Well, so far no problems. Let’s increase the phasor’s spin speed a little more, until it crosses the abscissa axis. What will happen then?

Wow! You expected the green arrow to get a little bigger, but instead a blue one has appeared. Oh, hadn’t I said that phasors can spin in both directions? Well yes, they spin in both directions.
And remember, from the previous section, I told you I was going to tell you the lowest speed of all possible ones. As soon as you cross the abscissa axis, I think it’s spinning in the opposite direction.
We finally arrive at our demonstration without equations. If you want me to reconstruct a frequency, I need to have at least two samples in the same half of the circle. That is, its frequency must be lower than half of my sampling frequency.
Equivalently, it means I cannot reconstruct frequency components higher than half the sampling frequency, which is exactly what we wanted to prove.
Corollary, an even simpler way to explain the theorem is that the frequency I can reconstruct is half the sampling frequency because I don’t know which direction it’s spinning. I’ll leave it at that.
Aliasing
Did you think this ended here? There’s still a little bit left. Now it’s time to talk about another consequence, less known and much less understood, of the sampling theorem, the terrible and horrible Aliasing.
I’m sorry to tell you I’ve been lying to you for half the post. Remember I told you I was only going to give you the lowest frequency component? Well, that’s a lie, I’m always going to give you both directions of spin.
Remember the first example of the phasor, where it was very easy to determine the frequency. Let’s plot it together with its spectrum.

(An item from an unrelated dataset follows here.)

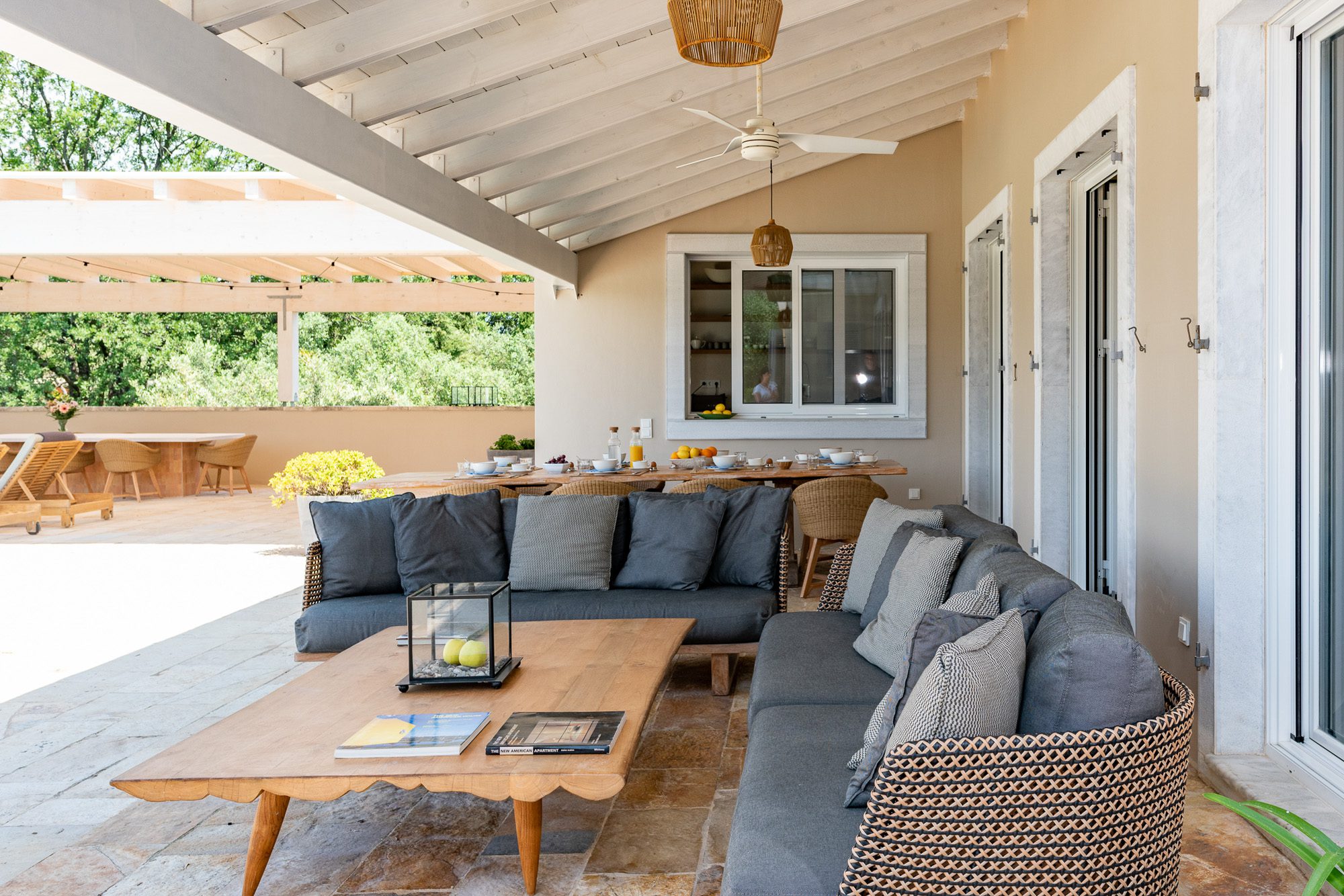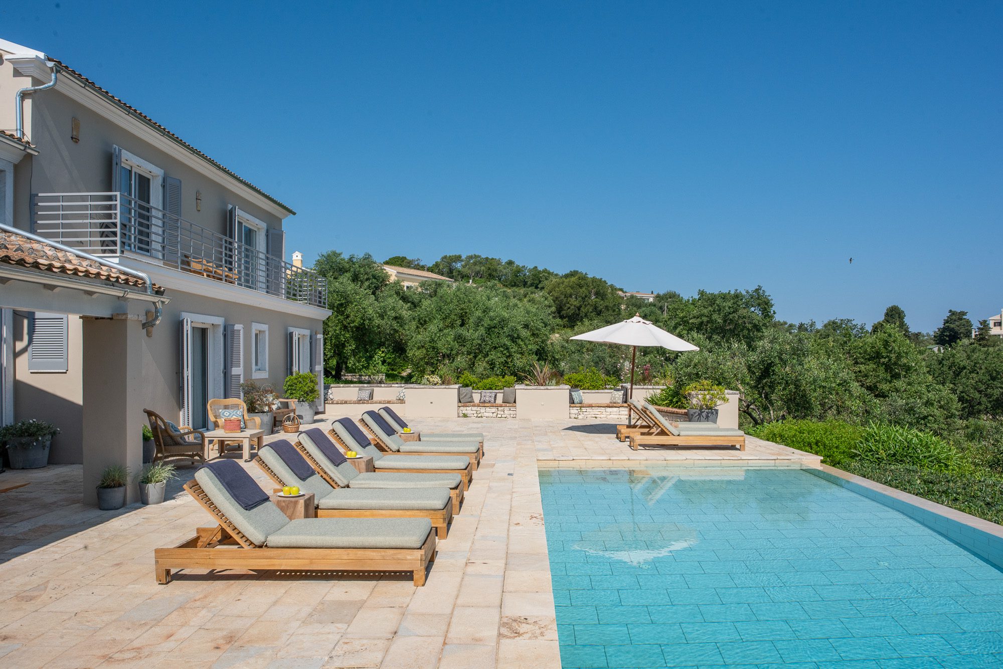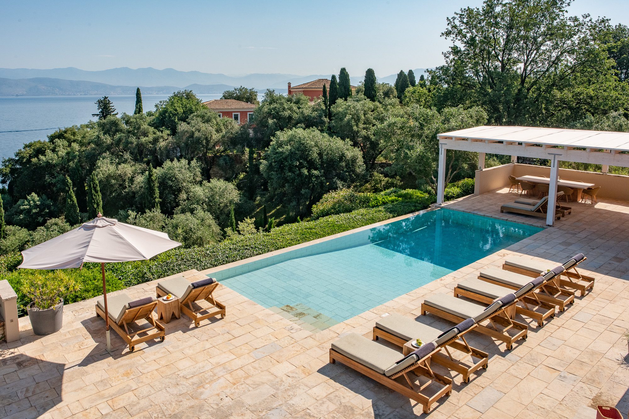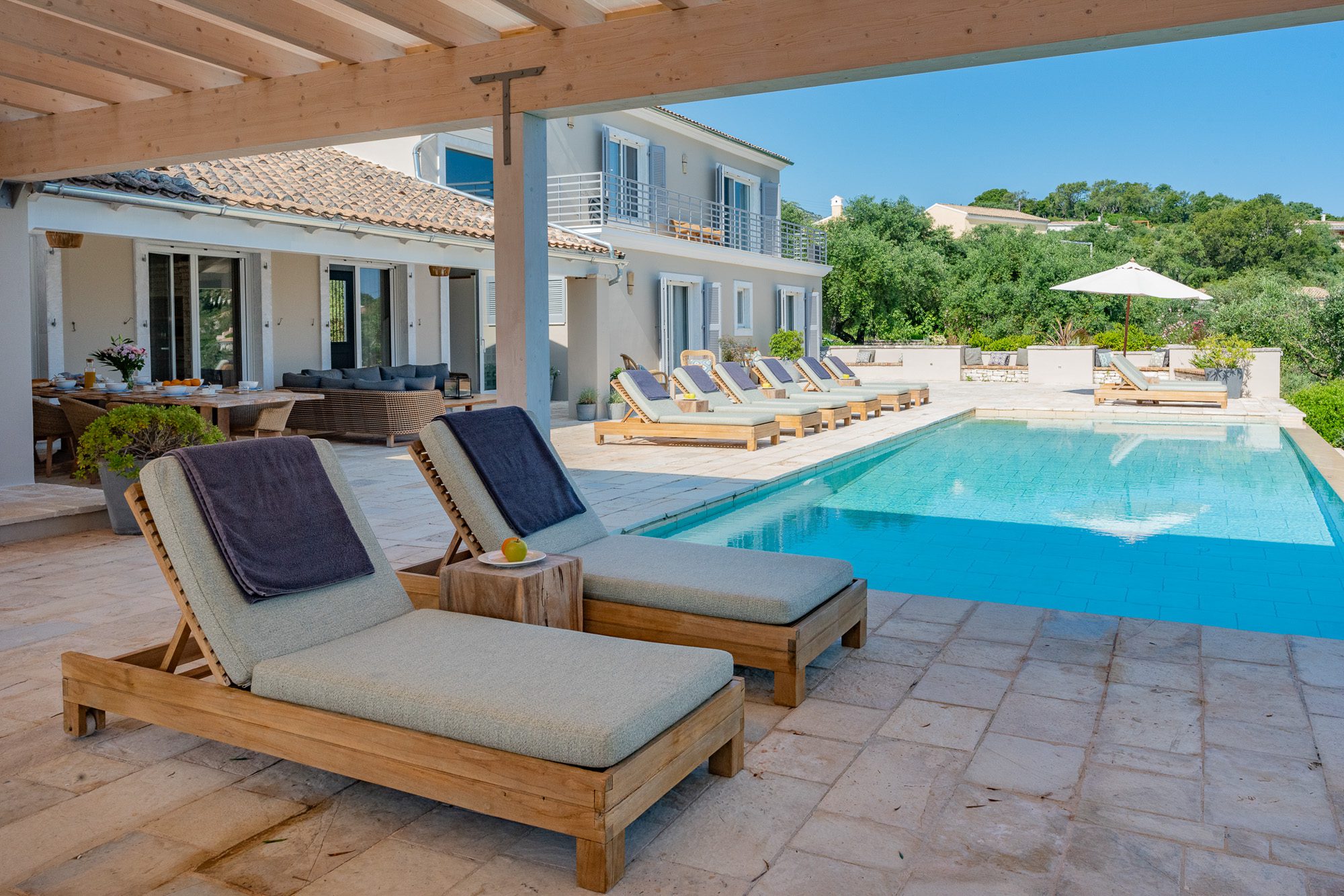 French doors lead from the house to a shaded outdoor dining area and comfortable lounge. The long wooden table comfortably seats 12 here and there's a further table and chairs under a poolside pergola. Around the terrace, there's plenty of space to position the cushioned, wooden sun loungers to relax in the sun or shade, and if you fancy a dip in the sea, you can take the path leading down through the grounds to the little beach and the estate jetty. Zogita is a wonderful place for a memorable Corfu family holiday.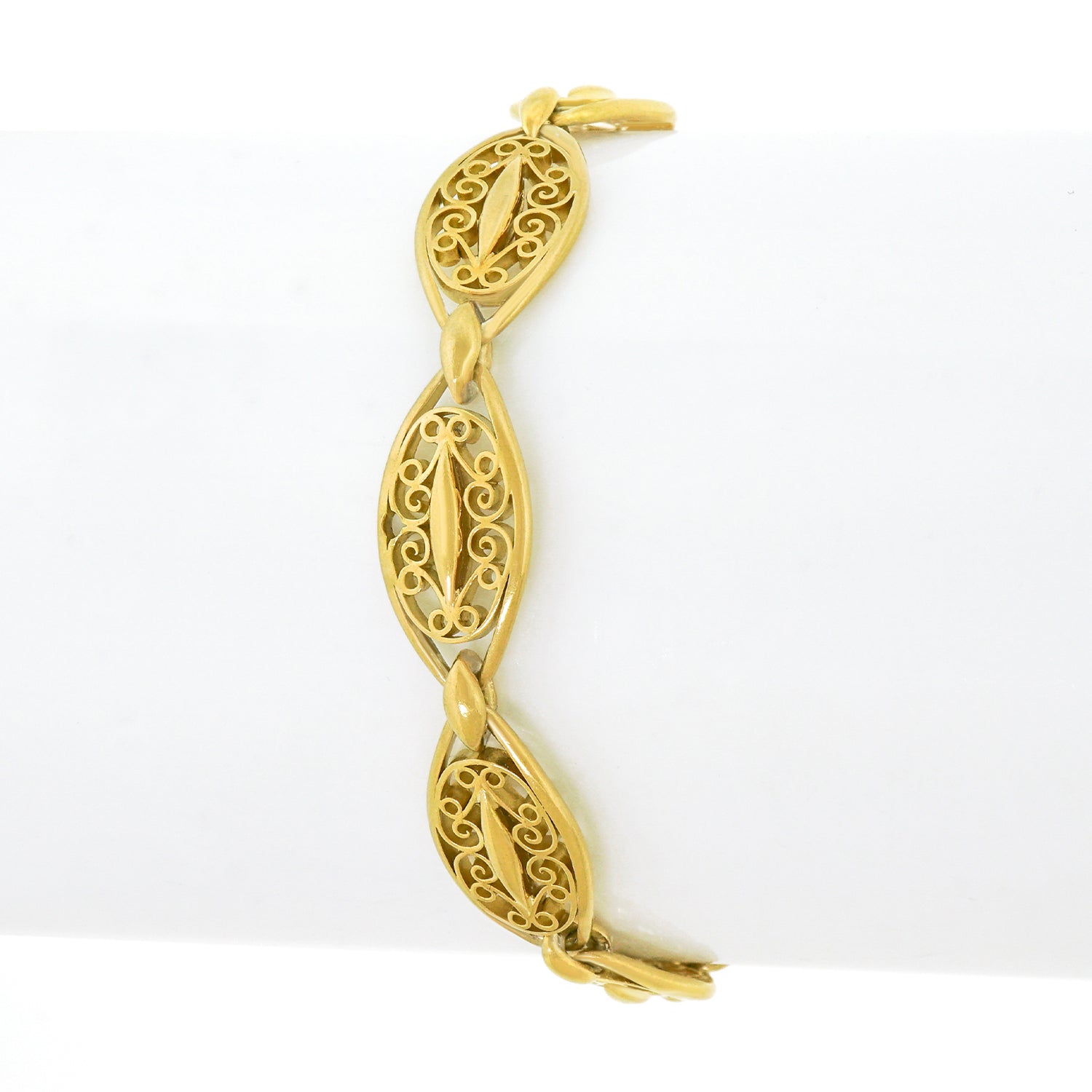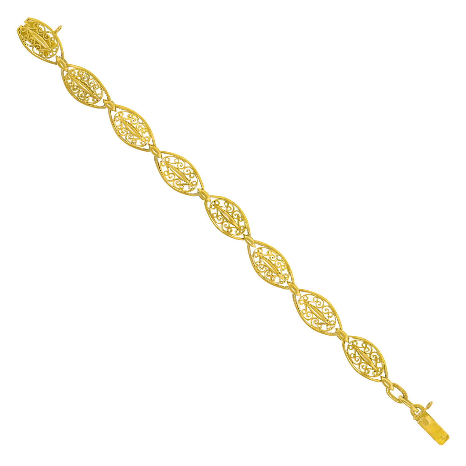 Circa 1880s, 18k, France. This antique French bracelet features stylish handmade filigree elements. Dressed up or down, the look is Gallic Town and Country at its most vintage chic. A versatile accessory, it is perfect on its own, with a watch, or a stack of bracelets. Excellent condition.

Actually, I’m not only going to have a green peak, but I’m also going to have a blue one, which corresponds to the frequency spinning in the other direction. This “mirror” signal is called an “alias”, and it is what gives rise to the phenomenon of Aliasing.
You might recognize the term from the “anti-aliasing” filter, which frequently appears in 3D graphics (for example, in video games), and which tries to solve a problem related to the sampling theorem.
This peak doesn’t seem very problematic, because it’s above half the sampling frequency. And, since we are smart guys, and thanks to the genius of Nyquist and Shannon, I know that everything above is “garbage” and I won’t even look at it when reconstructing the signal.
If only it were that easy. But look what happens with a noise “somewhat above” half the sampling frequency, which appears to me as a high frequency in my sampled digital signal! And I can’t distinguish it from the “real” data!

It’s even worse if it gets close to the sampling signal, because it appears to me as low-frequency components in my digital signal. And it’s worse because, normally, in the low frequencies I have a lot of the “meat” of my signal.

But not only that, also all the harmonics of frequencies above half the sampling frequency will generate Aliasing for me.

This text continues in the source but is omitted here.